NASA Supports Planetary Origin Research at Wesleyan
Jim Greenwood, assistant professor of earth and environmental sciences, and Bill Herbst, the John Monroe Van Vleck Professor of Astronomy, professor of integrative sciences, have received a research award from NASA in the amount of $550,000 for a program titled “Experimental simulations of chondrule formation by radiative heating of hot planetesimals.”
The grant will allow Greenwood and Herbst to hire a post-doctoral fellow who will work in Greenwood’s lab in Exley Science Center to reproduce chondrules — small spherules of melted rock that formed early in the history of the solar system and hold clues to the origin of the planets.
“The origin of chondrules has been a cosmochemical mystery for many decades,” Herbst said.
Herbst and Greenwood received the support to test a new theory that they have proposed, known as the “flyby” model.

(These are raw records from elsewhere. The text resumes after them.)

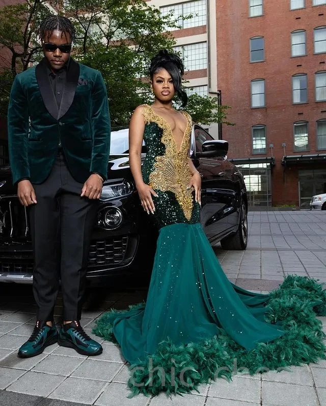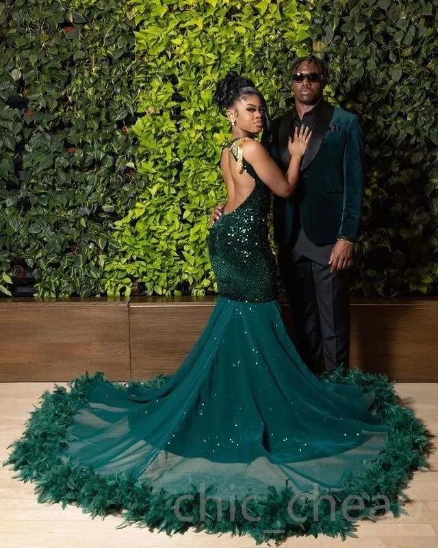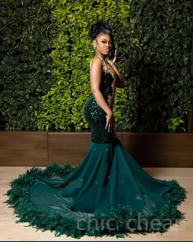 Teal African American Prom Dresses Mermaid Sheer Beaded Crystals Feather Black Girls Nigeria Robe De Soiree Evening Dresses Gown
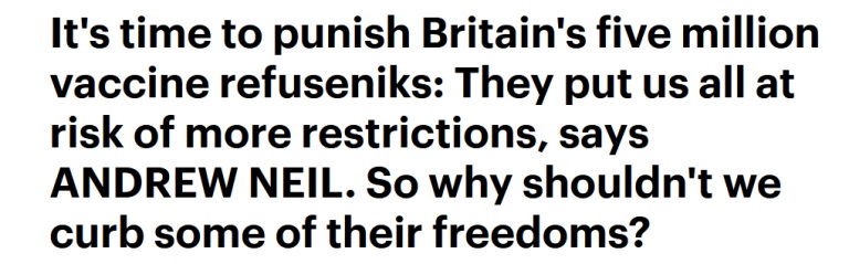 Dacă derulați înapoi până în decembrie 2021, poate vă amintiți un titlu infam publicat de Andrew Neil în Daily Mail, care suna astfel: „Este timpul să pedepsim cele cinci milioane de oameni care refuză vaccinurile în Marea Britanie: Ei ne pun pe toți în pericol să suportăm mai multe restricții. Prin urmare, de ce să nu le anulăm din libertăți?”.
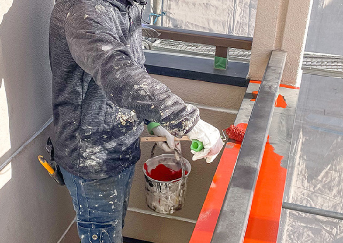 最終の仕上げ塗りを行います。共用部分の美観や耐候性を考慮し、細部まで丁寧に仕上げます。
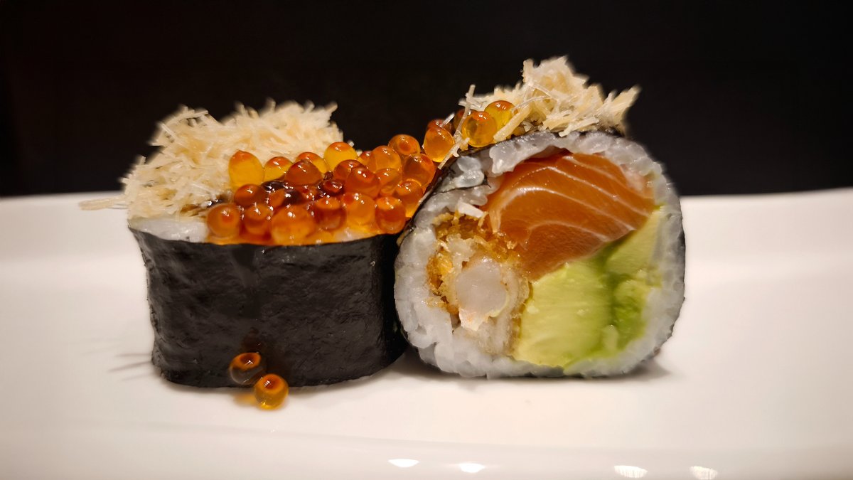 Avokado, tuncis, garneles, lasis, unagi mērce, foreļu ikri, masago ikri
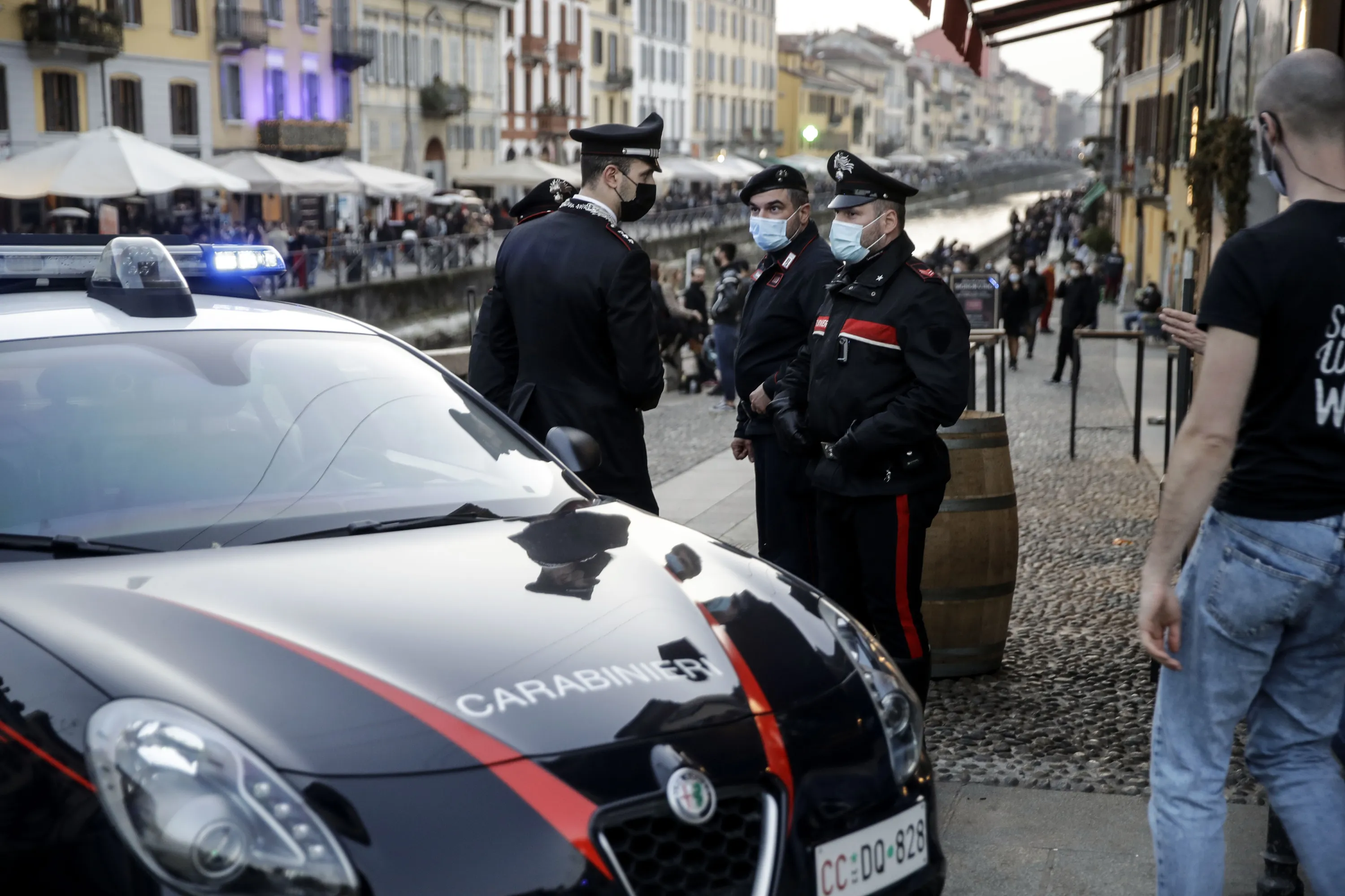 Carabinieri, Italian police officers, patrol the Naviglio Grande canal, in Milan, Italy, Saturday, February 27, 2021. Police vans blocked entrance to Milan's trendy Navigli neighborhood Saturday evening after the mayor announced increased patrols to prevent gatherings during a spring-like weekend. The Lombardy region where Milan is located is heading toward a partial lockdown on Monday, and Mayor Giuseppe Sala said in a video message that he was disturbed by scenes of people gathering in public places, often with their masks down. (Photo by Luca Bruno/AP Photo)

In a paper to the journal Icarus published in 2016, the scientists showed that primitive solar system material irradiated by hot magma during a close flyby of a planetesimal with incandescent lava on its surface could be responsible for the formation of at least some chondrules.
The grant, which comes from the NASA program “Emerging Worlds,” will allow them to test this theory in detail.
Their interdisciplinary research grew out of a seminar series sponsored by the Planetary Science group, which is rooted in the Astronomy and E&ES departments, but has a wide following among faculty in other science and non-science departments at Wesleyan.